Berlin - Es ist eine - trotz Volksentscheid - nicht enden wollende Diskussion: Soll das Tempelhofer Feld angesichts der Wohnungsnot in Berlin bebaut werden oder nicht?
Die Initiative "Zuhause am Tempelhofer Feld" hat zumindest ihre ganz eigene Vorstellung zur Zukunft des ehemaligen Flughafengeländes und Nägel mit Köpfen gemacht. Ihre Vision: bauen, bauen, bauen.
Insgesamt sollen durch die Randbebauung 21.400 neue Wohnungen und Platz für 50.000 Menschen entstehen. Davon sollen 30 Prozent Sozialwohnungen sein.
Innerhalb von sechs Jahren könnten dann schon die ersten Mieter einziehen.

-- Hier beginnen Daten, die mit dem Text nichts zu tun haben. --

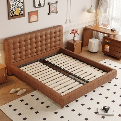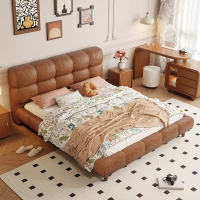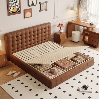 Medium-century style oil-waxed leather pine wood pneumatic bed board, high-quality and elegant solid wood bed
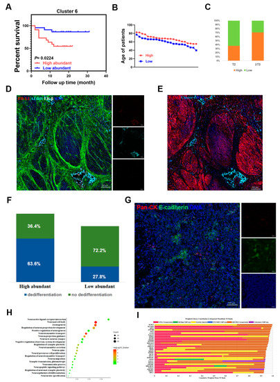 A specific cancer stem-like cell cluster associates with poor prognosis. (A) Survival curves show distinctive prognosis of patients in cluster 6 high- and low-abundance group. (B) Line plot shows that cluster 6 high-abundance group patients are older than low-abundancy group patients. (C) Histogram reveals that the advanced stage patients always belong to cluster 6 high-abundance group. (D) Highlighting the position of cluster 6 by ALDH (cyan), PD-L1 (red), ER-β (white), while collagen I presents as green, DNA presents as blue, scale bars are indicated in images. (E) IMC analysis reveals that cluster 6 has invaded into muscular layer; cluster 6 presents as cyan, α-SMA presents as red. (F) Frequency of dedifferentiation samples in cluster 6 high- and low-abundance groups. (G) Images of dedifferentiated tumor cells, Pan-CK presents as red, E-cadherin presents as green, DNA presents as blue. (H) Gene ontology (GO) analysis shows that the DEGs of cluster 6 high- and low-abundance groups enrich in neuro-related pathways. (I) Transcription factor enrichment analysis reveals the top 30 potential transcription factors of the DEGs between cluster 6 high- and low-abundance groups.

Auch beim Preis geben sich die Planer optimistisch. Durch seriell vorgefertigte Bauteile sollen Wohnungen entstehen, die trotz freier Finanzierung für etwa 16 Euro pro Quadratmeter vermietet werden könnten.
Auffällig: Das Innere des Feldes bleibt tabu, während der Rand voll ausgekostet wird. Konkret sollen rund 100 der insgesamt 300 Hektar großen Fläche, also insgesamt ein Drittel, bebaut werden – orientiert am klassischen Berliner Gründerzeit-Stil mit Blockrandbebauung, Innenhöfen und parzellierten Häusern.
Bebaut werden soll praktisch der komplette äußere Rand des Feldes bis zum ehemaligen Taxiway. Dort soll künftig eine breite Platanenallee entstehen. Das Flüchtlingsheim, das Baseballfeld, die Biergärten, das kleine Theater Luftschloss, Minigolf - sie alle müssten den Bebauungsplänen weichen. Auch ein neuer S-Bahnhof zwischen Tempelhof und Hermannstraße soll entstehen, um eine bessere Anbindung zu ermöglichen.
Kai Wegner unterstützt Pläne der Initiative
Rund neun Milliarden Euro soll die XL-Randbebauung kosten. Einen prominenten Fürsprecher haben die Architekten auch schon: Bürgermeister Kai Wegner (53, CDU).
"Berlin wächst und braucht bezahlbaren Wohnraum. Die Initiative 'Zuhause am Tempelhofer Feld' macht dafür einen starken Vorschlag: mehr als 21.000 Wohnungen für mehr als 50.000 Menschen durch maßvolle Randbebauung. Das ist das, was Berlin jährlich braucht. Ich unterstütze das", schreibt der CDU-Politiker auf X.
Einen großen Stolperstein lassen die Initiatoren und der Bürgermeister jedoch unerwähnt. 2012 stimmten die Berliner in einem Volksentscheid gegen die Bebauung des Tempelhofer Felds. Die Fürsprecher dürften aber wohl zur Kenntnis genommen haben, dass einer repräsentativen Umfrage zufolge die Mehrheit der Berliner (59 Prozent) eine "maßvolle" Randbebauung befürworten.
Ob aber auch ein Drittel des Tempelhofer Felds zu bebauen noch unter "maßvoll" fällt?